◆ **Data in this exercise**:
==================================================
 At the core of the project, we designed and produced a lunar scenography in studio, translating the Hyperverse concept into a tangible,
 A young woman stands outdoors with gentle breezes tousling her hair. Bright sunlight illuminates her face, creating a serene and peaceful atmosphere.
==================================================
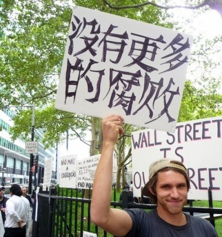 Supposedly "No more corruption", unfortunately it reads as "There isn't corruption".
==================================================
Repeat, word for word, the lines above between the line holding "At the core" and the line holding "A young woman", inclusive; omit everything else.

◆ **Answer area**:
 At the core of the project, we designed and produced a lunar scenography in studio, translating the Hyperverse concept into a tangible,
 A young woman stands outdoors with gentle breezes tousling her hair. Bright sunlight illuminates her face, creating a serene and peaceful atmosphere.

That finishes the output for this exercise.